The stampede of bishops from the Church of England continues:
In little more than a year, four former Church of England bishops have come into full communion with the Catholic Church, either through the ordinary Roman Catholic diocese or through the Ordinariate of Our Lady of Walsingham, a Catholic diocese with Anglican traditions for the United Kingdom established under Pope Benedict XVI’s 2009 apostolic constitution Anglicanorum Coetibus.
If there’s one thing I’ve come to realise, it’s that Anglicans–or just about anyone else–don’t understand how Roman Catholicism really works. To join the one true church, with its continuity of institution, history and doctrine is one thing. To meaningfully live out the Christian life in its deficient pastoral system and some of the internal conflicts that beset it is another matter altogether. Or, as one Scottish Baptist pastor put it, “To live in love with the saints above, that would be glory/To live and grow with the saints below, that’s another story.”

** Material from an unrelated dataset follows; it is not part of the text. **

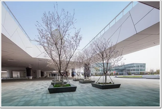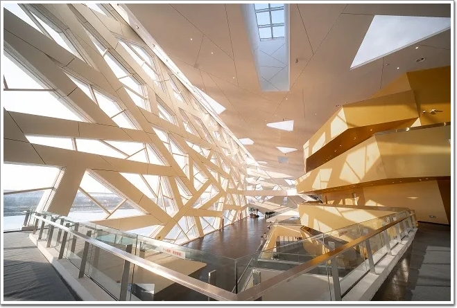 外立面設計靈感源自中國圖案冰裂紋立面,提取自中國剪紙和余杭滾燈元素,結合白色不規則外墻幕墻系統,立面干凈純潔,室內與室外具有密切的互動空間關系;正立面俯瞰湖面、公園,使其成為大型露天劇場的一部分。
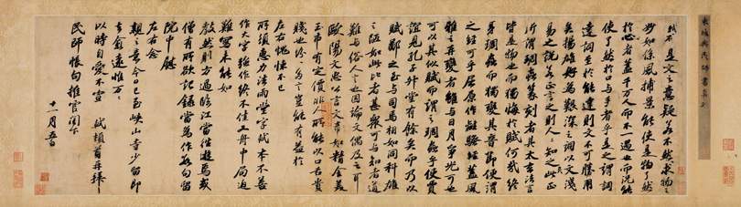 苏轼《行书答谢民师论文帖卷》纸本,纵27厘米横96.5厘米,上海博物馆藏.

With two of these esteemed swimmers (Gavin Ashenden and Michael Nazir-Ali) the timing issue is critical. Given the erratic performance of the current Occupant of the See of Peter, this doesn’t strike me as a good time to become Roman Catholic in any capacity. The church is struggling with many core issues–its celibate priesthood, the homosexual ring(s) that have emerged in that priesthood, the siren call of worldly acceptance (which has always been a problem for the RCC) and so on. It’s really hard to know how things are to come out. I’m not even sure that the Ordinariate is going to endure once the Vatican figures out people are using it as a substitute for either TLM Catholicism, #straightouttairondale Catholicism, or both.
I think the best strategy is for Continuing Anglicanism to get its act together (something that it shows signs of doing,) get rid of “egos inflatable to any size,” and present itself as sort of a “Catholicism in exile” until things look clearer one way or another at Rome.